Au cours de cette année 1967, le Canada fédéral se laissait beaucoup trop bercer par une douce illusion d’unité, au moment où il allait célébrer, avec le plus grand faste, le 100e anniversaire de sa Confédération, le British North America Act ou l’Acte d’Amérique du Nord britannique : « La ferveur nationaliste allait passer, c’était certain, avec l’arrivée des trois colombes à Ottawa » disait-on chez les fédéralistes !
Ils semblaient si grisés par l’atmosphère des célébrations de ce centenaire, qu’ils en oubliaient le problème des deux peuples anglophone et francophone, pensant que la fièvre d’affirmation québécoise allait nécessairement en diminuant, puisque de nouveaux chefs canadiens-français plus conciliants, ayant fait leur apparition sur la scène fédérale, les vieux débats étaient finalement en voie de perdre leur raison d’être.

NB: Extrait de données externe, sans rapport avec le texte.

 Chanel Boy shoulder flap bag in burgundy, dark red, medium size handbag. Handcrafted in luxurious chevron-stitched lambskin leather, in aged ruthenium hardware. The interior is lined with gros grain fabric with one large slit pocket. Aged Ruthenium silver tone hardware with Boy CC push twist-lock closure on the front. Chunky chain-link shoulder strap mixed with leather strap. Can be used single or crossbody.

C’est alors que Charles De Gaulle, président français, avait traversé l’Atlantique ce 23 juillet 1967 sur le navire le Colbert. Il avait voulu venir en bateau pour retracer le voyage de Jacques Cartier en 1534 et comme les premiers Français l’avaient fait ensuite aux 16e et 17e siècles, venus bâtir ce nouveau pays de la Nouvelle France, au nom du roi de France. Il avait désiré venir sur ce sol pour dire aux « Français du Canada » comme il les avait alors appelés, que la France, malgré ces deux longs siècles écoulés, pensait toujours à eux.
Le vaisseau amiral « le Colbert » avait quitté Brest le 15 juillet, avec à son bord Charles de Gaulle. Il fit une escale le 20 à Saint-Pierre-et-Miquelon, dernière possession française en Amérique du Nord, depuis le traité de Paris de 1763, avant de pénétrer dans les eaux du Saint Laurent.

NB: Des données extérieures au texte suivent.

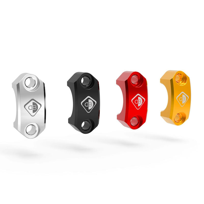 The Ducabike master cylinder clamp cover is machined from 7075 billet aluminum, and finished off with beautiful anodized colors.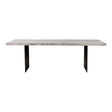 With a live edge, the Evans Dining Table is the center of the fun. Made with a white washed solid acacia wood and dark iron legs, this table features its own unique combination of knots and grains. Whether you're looking for an industrial or contemporary modern piece, this table will be the perfect fit.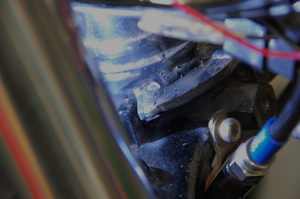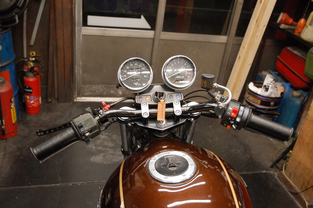 預かってほぼ2ケ月経ってしまいました。やっと取り掛かっています。ヘッドライト&ライトステーを取りはずしてカウルをフィッティングです、低めのハンドルを選んで仮付け!!ハンドルを切るとタンクに当たります、当たらない所のクリアランスを測定して延長ストッパー製作&溶接しました!切れ角はOKですがハンドルロックがかかりません!車検がNGです、あとで削って修正です!カウルはタンクのラインより少し上くらいで収まりそうです。フレームのヘッドパイプのところにカウリングマウントブラケットを製作&溶接です!それからカウリングステーをカウルの位置に合わせながら製作です!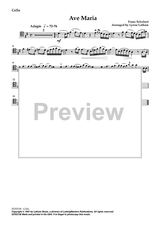 Digital Sheet Music for Ave Maria - Cello by , Franz Schubert, Lynne Latham scored for String Quartet; id:449687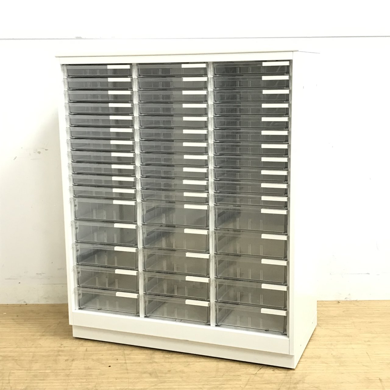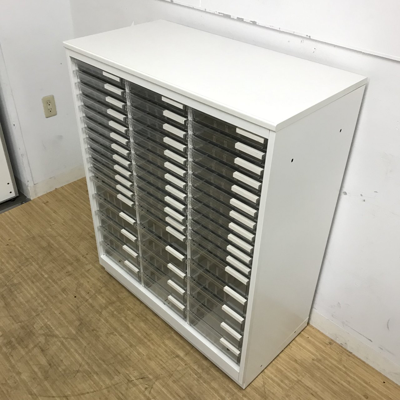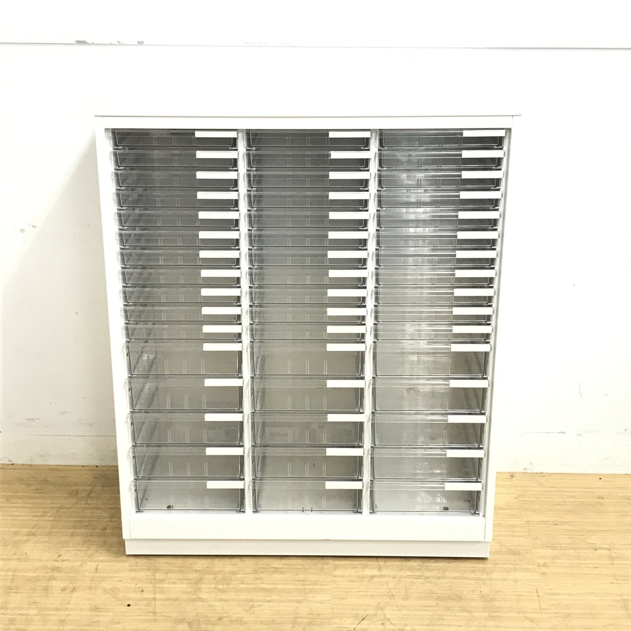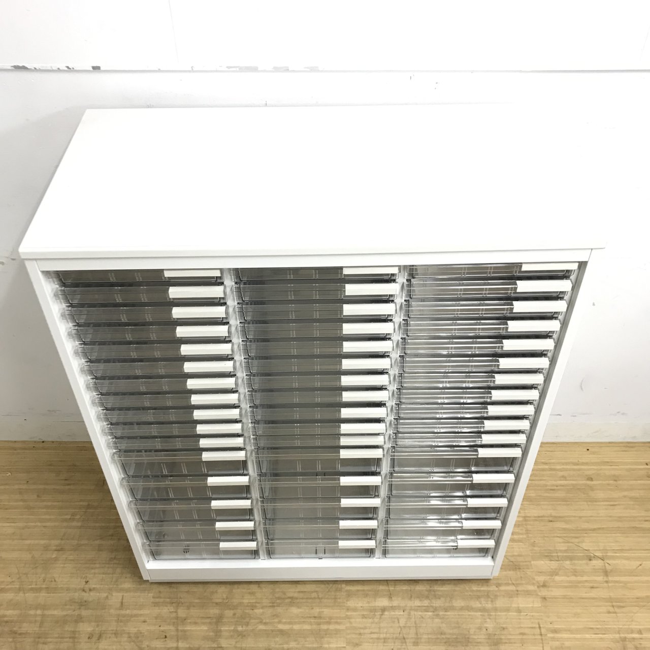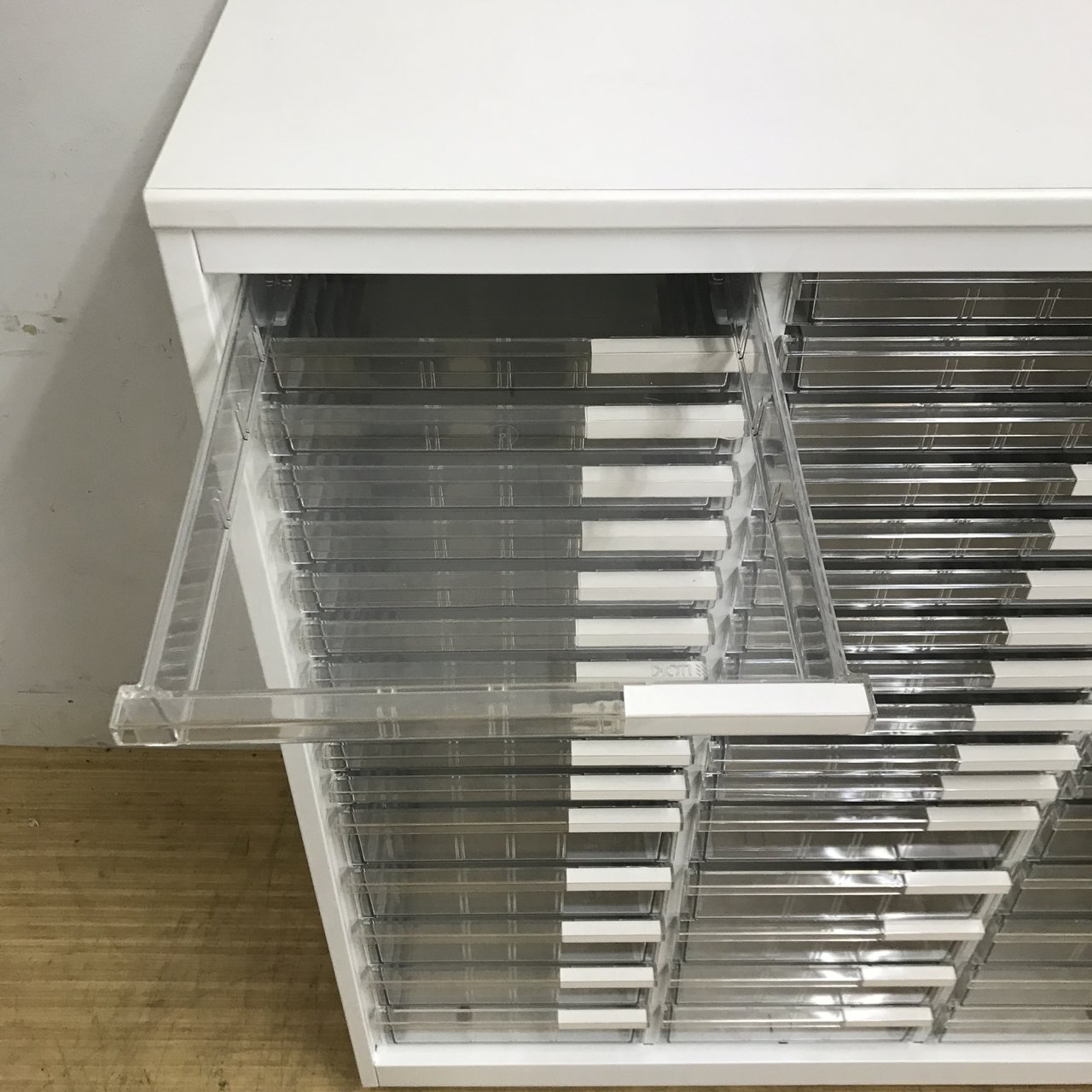 【書類・備品整理の必需品!】【珍しいクリトレが入荷!3列×浅型11段+深型5段】■イトーキ(ITOKI)製 シンラインシリーズ クリスタルトレー ローキャビネット ■3列×浅型11段+深型5段 ■天板・ベース付 ■色:ホワイト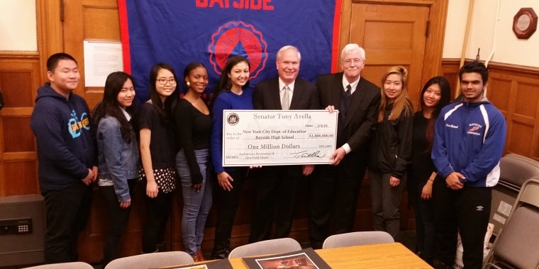 Senator Avella Presents One Million Dollar Check to Bayside High School

Cela fait cinquante-trois ans de cela, ce 23 juillet 2020 !
Un voyage organisé par Jean Lesage et par Daniel Johnson
Ces ministres avaient été reçus à l’Élysée en 1961 puis, Daniel Johnson avait invité dès le 13 septembre 1966, le général De Gaulle au Québec, au moment même où il devait venir officiellement à Ottawa, lors de cette année 1967 d’effervescence canadienne.
Pourtant le gouvernement fédéral a été loin d’apprécier tout ce rapprochement entre la France et le Québec. Au cours des seize années où l’Union nationale avait été au pouvoir, (1944 -1960), les relations entre le Québec et le gouvernement fédéral s’étaient révélé des plus orageuses. Au nom de l’autonomie provinciale, le premier ministre Maurice Duplessis avait déclaré s’opposer à cette centralisation excessive d’Ottawa. Les autorités fédérales investissaient en effet, de plus en plus de champs de compétence provinciale, principalement depuis qu’elles s’étaient attribué des pouvoirs élargis au moment de la Deuxième Guerre mondiale.

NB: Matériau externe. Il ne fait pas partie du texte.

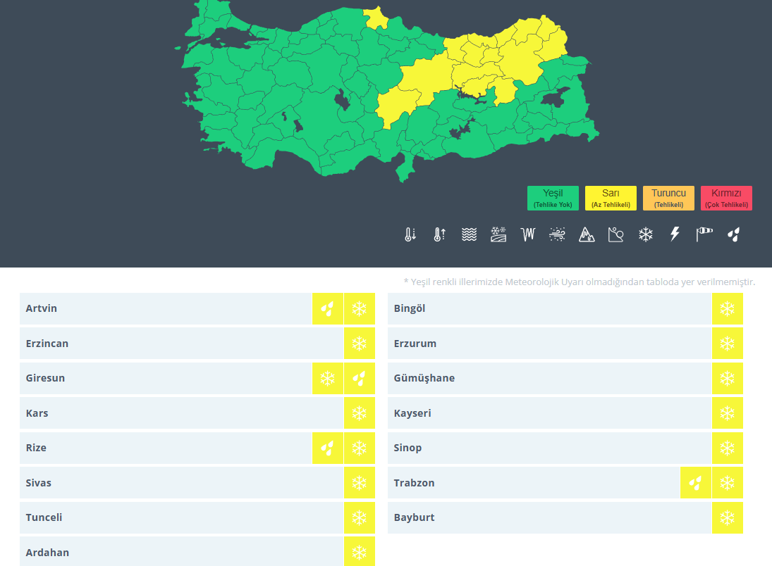 Meteoroloji'nin sarı kod uyarısı verdiği iller sırasıyla; Artvin, Bingöl, Erzincan, Erzurum, Giresun, Gümüşhane, Kars, Kayseri, Rize, Sinop, Sivas, Trabzon, Tunceli, Bayburt, Ardahan oldu.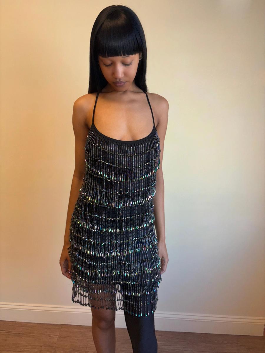 Rare 1980s dress by Helen Storey with dramatic layered beaded tassels. The dress has a low back (obscured by the leggings the model is wearing). It has a criss cross design on the back as well. It is quite stretchy with a bodycon fit. Moves like a dream!

Hors, cette année 1967 est une année marquante pour le Canada, c’est l’anniversaire du centenaire de la Confédération canadienne, Ottawa entend le célébrer avec tous les fastes possibles afin de souligner cet important évènement de leur fédération. Pour cette occasion un grand nombre de chefs d’État étrangers sont invités, l’un d’eux est le général Charles de Gaulle, le président de la République française. Cette année 1967 est aussi l’année de l’Exposition universelle de Montréal, une visite est donc ensuite prévue pour les invités.
Ce programme n’enthousiasme pas Charles de Gaulle ! S’il décide de venir c’est à la condition de commencer sa visite par le Québec.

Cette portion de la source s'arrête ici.